3 credits | Every other Tuesday, 8/30, 9/13, 9/27, 10/11, 10/25, 11/8, 11/22, 12/6 | 6 - 9pm EST | BUF and Online

B/C380: Source and Summit: Reflecting on the Eucharist at the Heart of the Church (Siobhan Latar, S.T.D.)

Identified by the Second Vatican Council as the "Source and Summit" of the Christian life, this course will reflect on the nature and significance of the Eucharist in the life of the Church. Combining both an historical and thematic approach, we will examine the developing understanding of the sacrament of the Eucharist through time, as well as theological themes of Eucharistic spirituality, including: the significance of the Eucharist to Ecclesiology, the Eucharist and the Marian and Petrine dimensions of the Church, the understanding of the three-fold nature of the Body of Christ, the Eucharist as sacrament, etc. We will rely on the reflections of the Fathers, the Councils, recent papal encyclicals, among other texts.

3 credits | Thursdays, 9/1, 9/8, 9/15, 9/22, 9/29, 10/6, 10/13, 10/20, 10/27, 11/3, 11/10, 11/17, 12/1, 12/8, 12/15 | 6 - 9pm EST | Online

C/D202: The Revelation of God: Doctrine, Liturgy, and Sacraments (Catechism 1 and 2)

This course introduces us to those teachings that are central to the Catholic Faith as guided by Part One of the Catechism of the Catholic Church: “The Profession of Faith” §§1-1065, and to the liturgical practices and sacraments of the Catholic Faith as guided by Part Two of the Catechism of the Catholic Church: “The Celebration of the Christian Mystery” §§1066-1690.

3 credits | Every other Thursday, 9/1, 9/15, 9/29, 10/13, 10/27, 11/10, 12/1, 12/15 | 6 - 9pm EST | Online

C/D325: Vatican II as a Pastoral Council: The Memory That Generates the Future (Daniel Drain, Ph.D. [Cand.])

Pope St. John Paul II said that the Second Vatican Council was “the great grace bestowed on the Church in the twentieth century . . . [and] a sure compass by which to take our bearings in the century now beginning” (Novo Millennio Ineuente, 57). This course aims, first, to survey the breadth and plumb the depths of the teachings of Vatican II, in particular through a thorough reading of its four primary Constitutions (Dei Verbum; Lumen Gentium; Sacrosanctum Concilium; and Gaudium et Spes) in order to better appreciate - and thereby receive anew - that “great grace.”

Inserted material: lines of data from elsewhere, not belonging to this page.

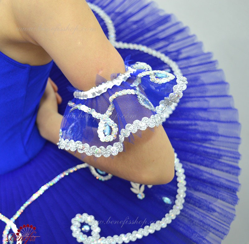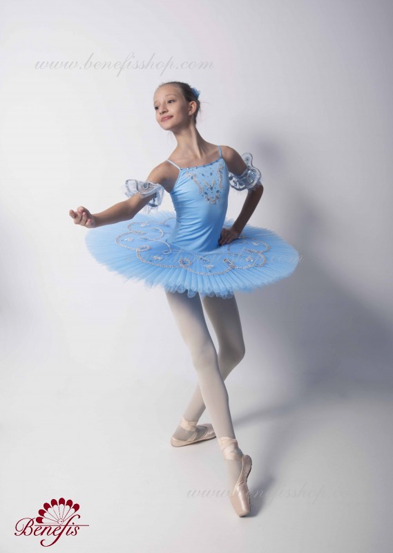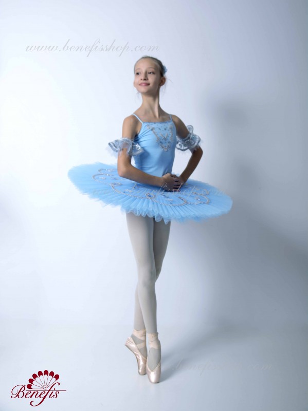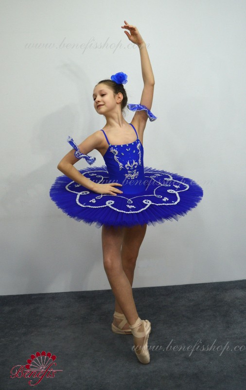 Acest costum de concert pentru copii este indeplinit in baza unui tricou elastic si a fustei cu cercuri. Corsetul si stratul superior al fustei este decorat cu aplicatii aurii sau argintii, cristale de diferite marimi. Marginea stratului superior al fustei si minecute sunt impodobite cu panglica aurie sau argintie.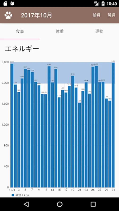 You need to assign such as age and weight, and can be compared to the Food Guide, a meal that I ate in one day. It can also be seen in the graph the amount that you eat the last one month, you can check the balance of the meal.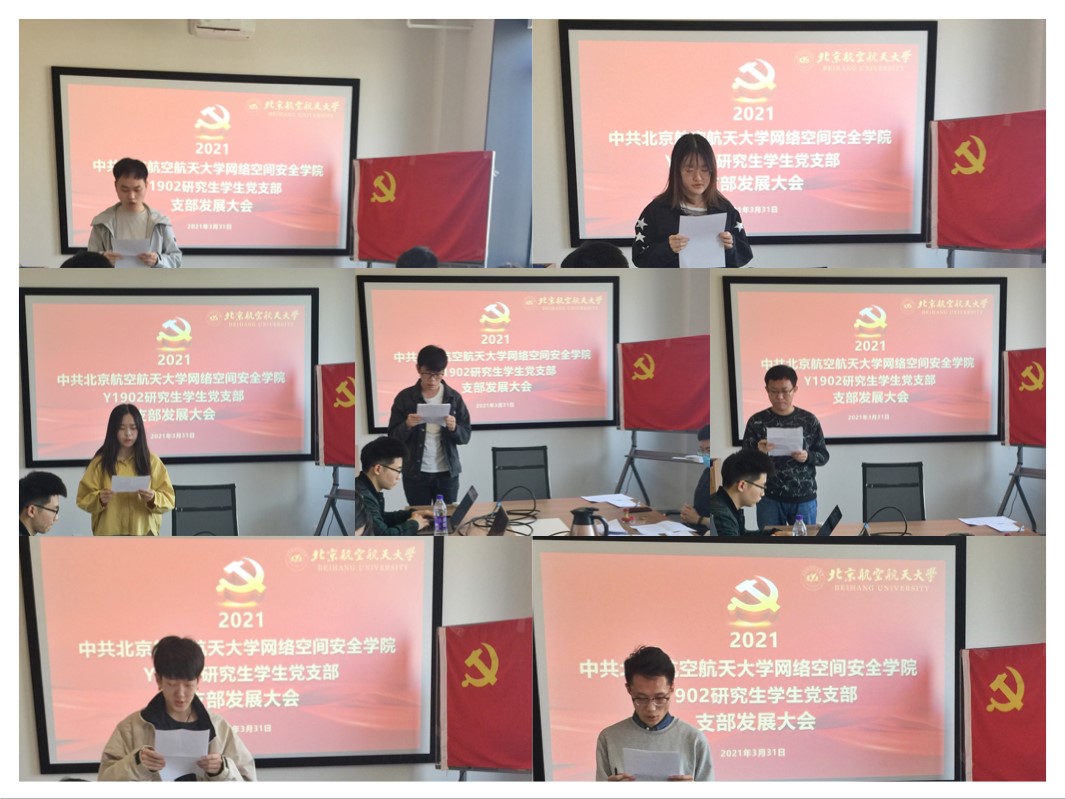 2021年3月31日上午10时,北航金年会诚信信誉至上Y1902学生党支部在一号馆408会议室召开支部党员发展大会,讨论能否接收曹银浩、韩祎然、刘翔宇、魏晨光、吴礼金、张伟豪、王庆麟7名同志为中共预备党员。本次大会由党支部书记陈晨主持,党建特邀组织员邓彦敏老师、专职组织员王倩云老师、专职辅导员杜逸雯老师列席本次会议。支部党员应到5人,实到5人。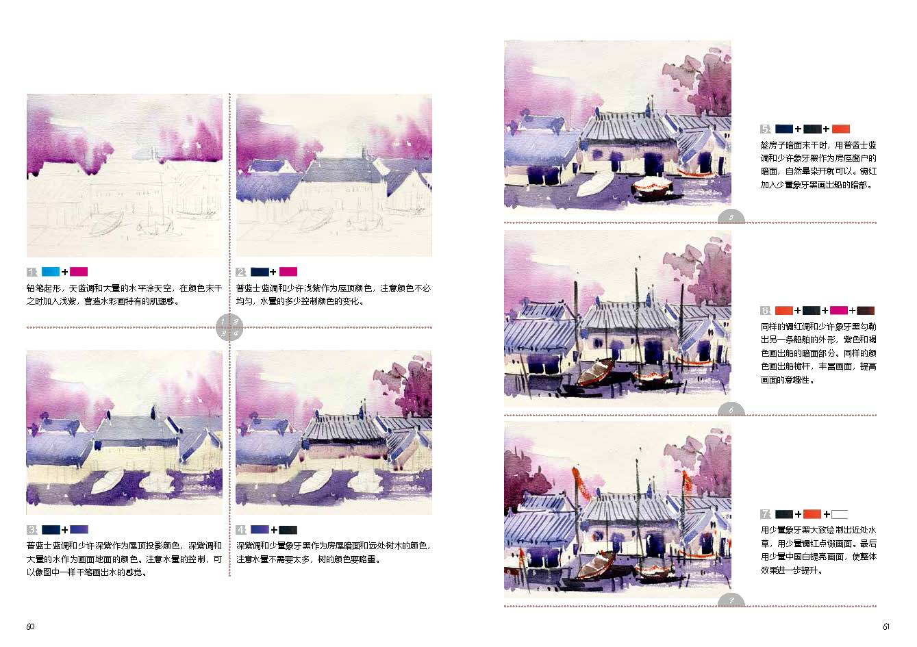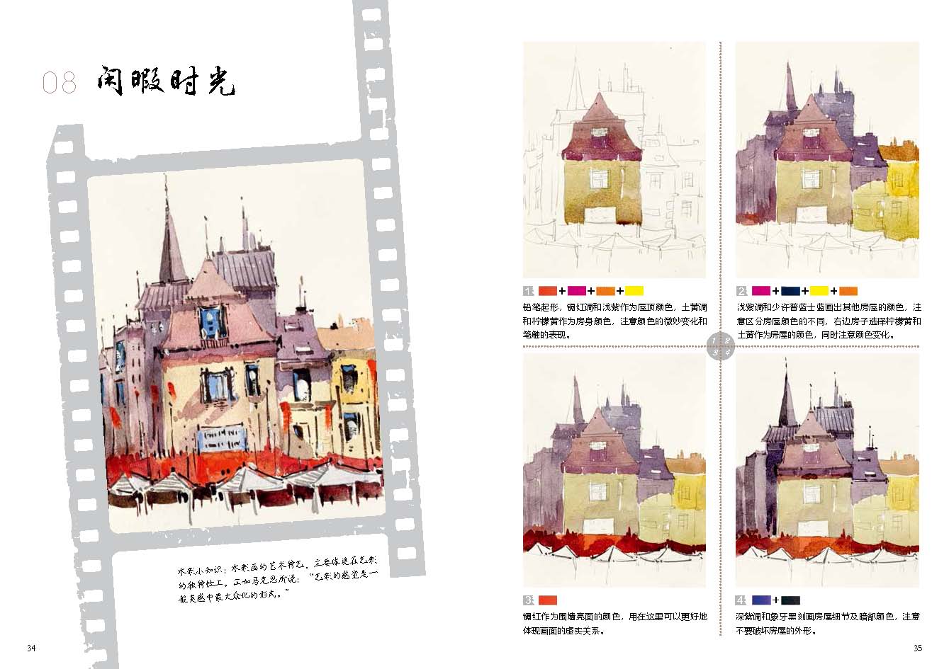 7.只需把握畫面的“色彩+形狀”,30分鐘就能完成水彩建筑作品。

The second fundamental aim of this course is to understand the uniqueness of the Second Vatican Council in terms of the “pastoral.” Relatively unique among all of the twenty preceding Ecumenical Councils of the Church, Vatican II was not convened to combat one particular heresy, or address an isolated controversy or claimant to teaching authority. Neither was it merely “pastoral” (i.e., not doctrinal, and therefore subject to error and not binding). Vatican II’s chief aim, according to its convener, Pope St. John XXIII, was for the Church to “reaffirm that teaching authority of hers which never fails . . . that the sacred heritage of Christian truth be safeguarded and expounded with greater efficacy” (Opening Address to the Council, 11 October 1962). To understand the sense in which the Council itself sees and implements this particular end in its Constitutions is to arrive at a concept of the “pastoral” which has the vitality, virility, and vivacity to thwart the lamentable divide in present ecclesial discourse between alternative hermeneutics of continuity or rupture, instead arriving at a hermeneutic of reform in continuity.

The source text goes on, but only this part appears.